SARAJEVO, Bosnie-Herzégovine (AP) – Vildana Mutevelić s’est blottie dans son appartement avec ses deux jeunes enfants et ses cousins ​​​​âgés. Ils n’avaient ni chauffage, ni électricité, ni eau courante car les obus d’artillerie ont arraché le toit de leur immeuble et ont failli leur coûter la vie.
Pour survivre, elle a improvisé.
Mutevelić a fabriqué une lampe avec de l’huile de moteur usagée, de l’eau et un lacet pour une mèche. Elle cuisinait sur un feu alimenté par des livres, des meubles, des chaussures ou des vêtements. Une cuillère en plastique, découvrit-elle, lorsqu’elle était allumée, fonctionnait bien comme lampe de poche temporaire si elle s’aventurait à l’extérieur. Des bâches en plastique couvraient les fenêtres soufflées, un fragile tampon contre le froid mordant. Ses nouvelles du monde venaient d’un voisin qui alimentait une radio avec une batterie de voiture.
“L’électricité est tombée en panne tout de suite”, a déclaré Mutevelić, 70 ans, par l’intermédiaire d’un interprète. « Et tout ce que nous avions dans nos congélateurs, il a fondu. C’étaient nos stocks, essentiellement. C’est tout.”
Pour Mutevelić, ce sont des souvenirs d’il y a trois décennies, lorsque les Serbes de Bosnie ont assiégé Sarajevo, faisant des milliers de victimes civiles. Mais tout se passe à nouveau en Ukraine. Les forces armées russes ont braqué leur puissance de feu sur les infrastructures énergétiques de l’Ukraine alors que l’hiver s’installe.

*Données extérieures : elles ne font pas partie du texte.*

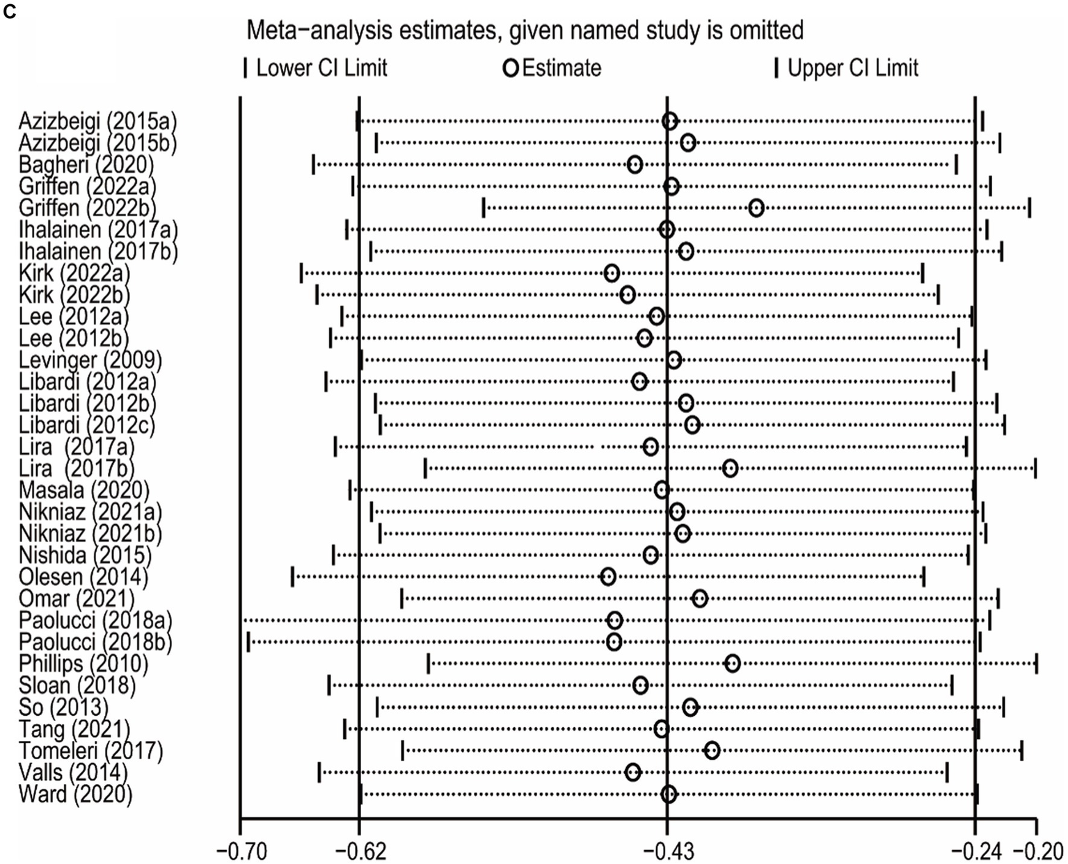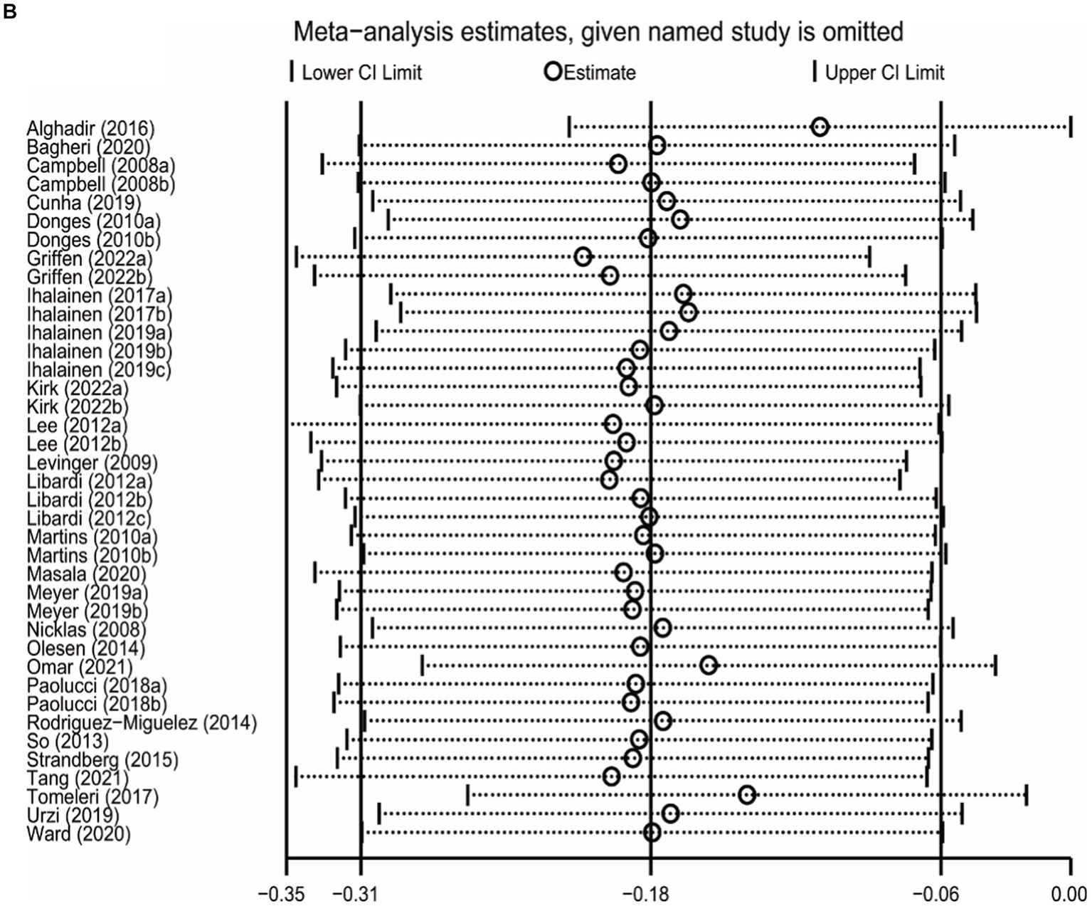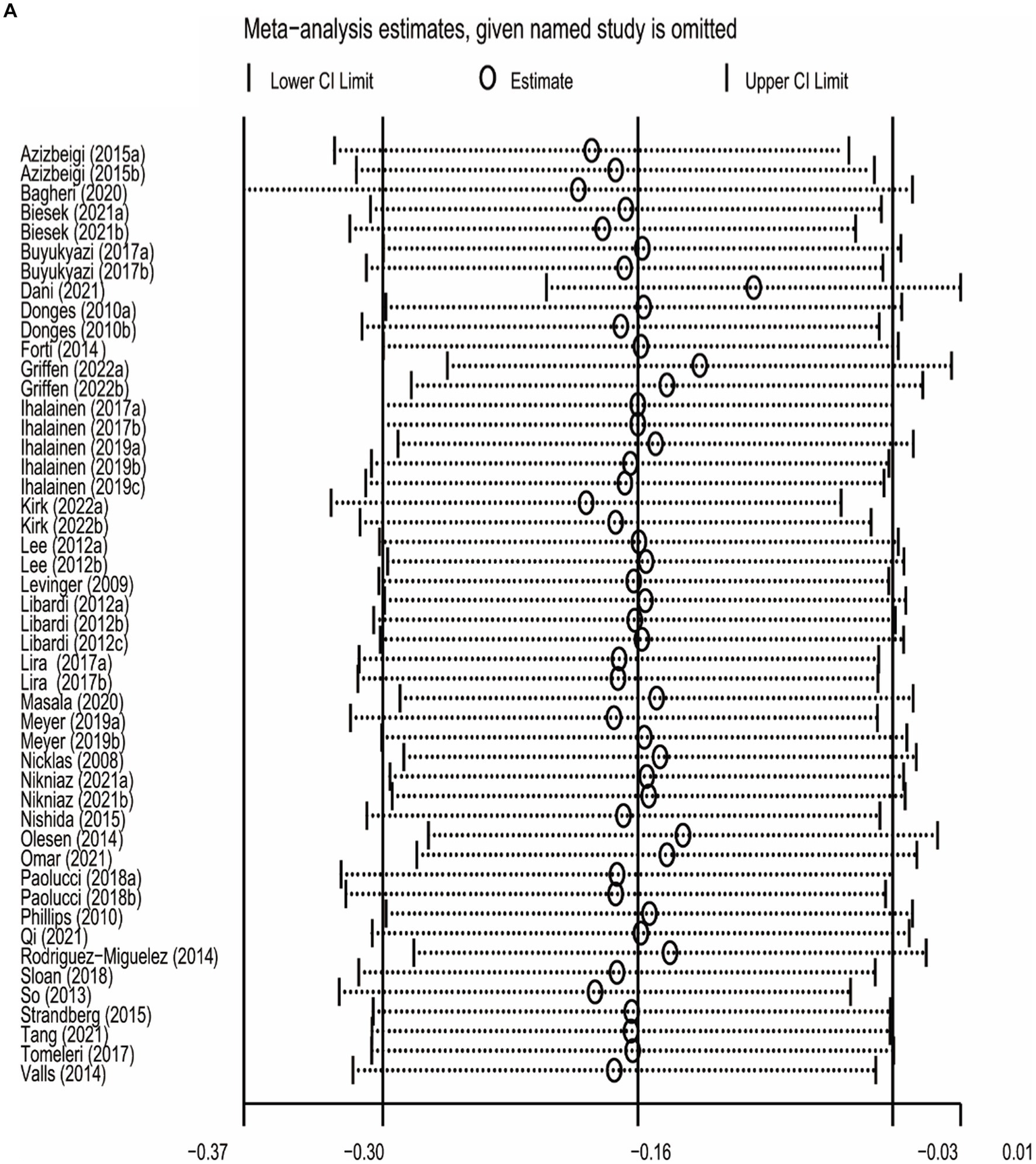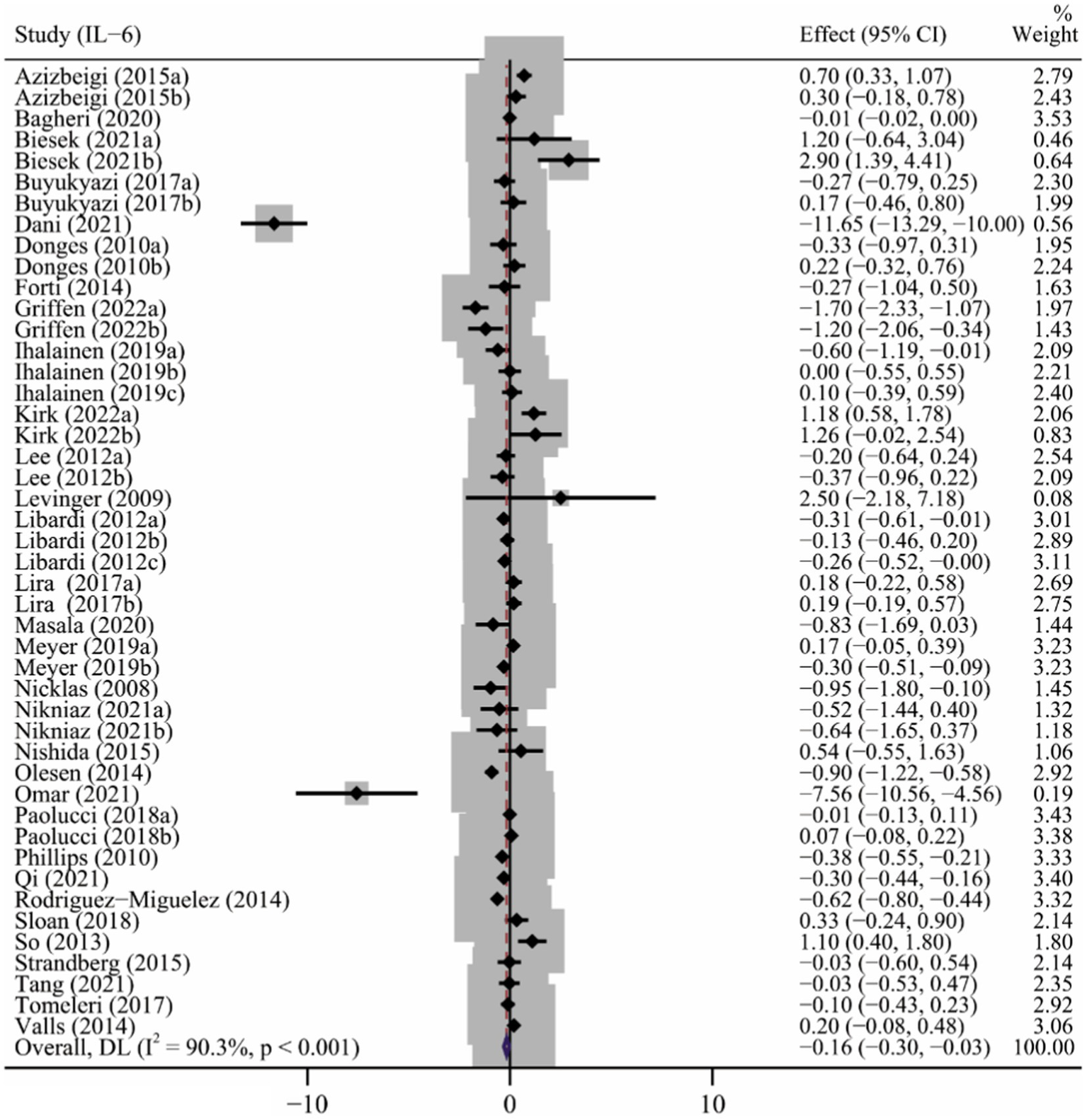 As shown in Table 2, assessments for IL-6 levels were reported in 32 articles (Nicklas et al., 2008; Levinger et al., 2009; Donges et al., 2010; Phillips et al., 2010; Lee et al., 2012; Libardi et al., 2012; So et al., 2013; Beltran Valls et al., 2014; Forti et al., 2014; Olesen et al., 2014; Rodriguez-Miguelez et al., 2014; Azizbeigi et al., 2015; Nishida et al., 2015; Strandberg et al., 2015; Buyukyazi et al., 2017; Lira et al., 2017; Ihalainen et al., 2018; Paolucci et al., 2018; Sloan et al., 2018; Tomeleri et al., 2018; Ihalainen et al., 2019; Meyer et al., 2019; Bagheri et al., 2020; Masala et al., 2020; Biesek et al., 2021; Dani et al., 2021; Kirk et al., 2021; Nikniaz et al., 2021; Omar et al., 2021; Qi et al., 2021; Tang et al., 2021; Griffen et al., 2022) involving 48 interventions. Results of the meta-analysis showed that long-term ET caused a significant decrease in IL-6 levels (SMD −0.16, 95% CI −0.30 to −0.03), although high heterogeneity was observed among the studies (p < 0.001, I2 = 90.3%) (Table 2 and Figure 2). Subgroup analysis showed that studies of baseline BMI > 25, female subjects, duration of exercise less than 12 weeks, frequency of less than three times a week, and type of multicomponent exercise were associated with PE-induced reduction in IL-6 levels (Table 2). The result of the Begg’s test (p = 0.917), Egger’s test (p = 0.091) and funnel plot (Supplementary Figure S1) indicated no significant publication bias in the primary analysis for IL-6 (Table 2).

Le président ukrainien Volodymyr Zelenskyy, qui a accusé la Russie de “terrorisme énergétique”, a déclaré plus tôt cette semaine qu’environ 9 millions de personnes étaient sans électricité. Le procureur général du pays, Andriy Kostin, a déclaré à l’Associated Press que le ciblage délibéré par la Russie des services publics essentiels de l’Ukraine est un autre acte de génocide, le plus odieux des crimes de guerre.
“Nous sommes convaincus que les crimes (la Russie) commettent en Ukraine portent toutes les caractéristiques d’un génocide”, a déclaré Kostin dans un communiqué. “L’État agresseur ‘arme l’hiver’, privant les Ukrainiens de l’essentiel – électricité, eau et chauffage.”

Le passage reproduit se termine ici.